### DATA SHOWN:
>>>

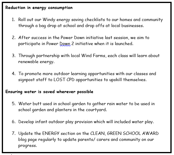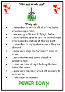 Our class ‘Whit Wid Windy Dae?’ checklists were adapted and sent home to ‘oldest and only’ so that every household had one, thus ensuring that all pupils were leading the changes of behaviours regarding energy, in their homes. In addition to this, they were adapted for use local businesses and distributed throughout the village, ensuring the same message regarding energy saving was shared throughout the community.
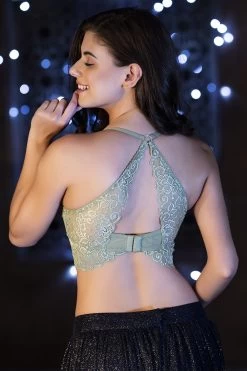 Sage green longline bralette crafted with intricate lace fabric & soft powernet fabric on cups.
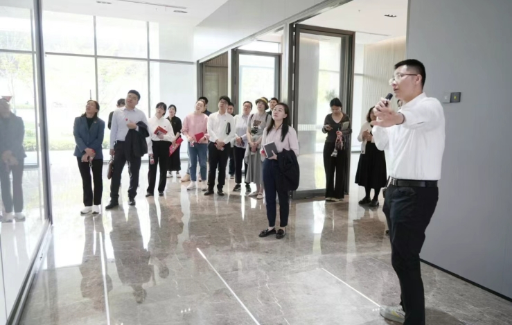 隨后,參訓(xùn)隊(duì)伍走進(jìn)位于陽澄數(shù)谷的SIP集成電路產(chǎn)業(yè)園展廳,深入調(diào)研“黨建鏈+產(chǎn)業(yè)鏈”雙鏈融合的創(chuàng)新實(shí)踐。作為全國集成電路產(chǎn)業(yè)高地,園區(qū)以高質(zhì)量黨建鏈賦能集成電路產(chǎn)業(yè)鏈發(fā)展,通過建立產(chǎn)業(yè)鏈聯(lián)合黨委,推動上下游企業(yè)協(xié)同創(chuàng)新,實(shí)現(xiàn)黨建與業(yè)務(wù)的同頻共振。參訓(xùn)人員邊走邊看,通過工作人員生動的講解,對園區(qū)集成電路產(chǎn)業(yè)的發(fā)展有了更直觀的認(rèn)識。

<<<

### EXERCISE INSTRUCTIONS:
What is needed is an exact copy of the lines from the start of the listing above through the line that holds "Sage green longline", with the pictures left out.

### RESULT OF THIS TASK:
 Our class ‘Whit Wid Windy Dae?’ checklists were adapted and sent home to ‘oldest and only’ so that every household had one, thus ensuring that all pupils were leading the changes of behaviours regarding energy, in their homes. In addition to this, they were adapted for use local businesses and distributed throughout the village, ensuring the same message regarding energy saving was shared throughout the community.
 Sage green longline bralette crafted with intricate lace fabric & soft powernet fabric on cups.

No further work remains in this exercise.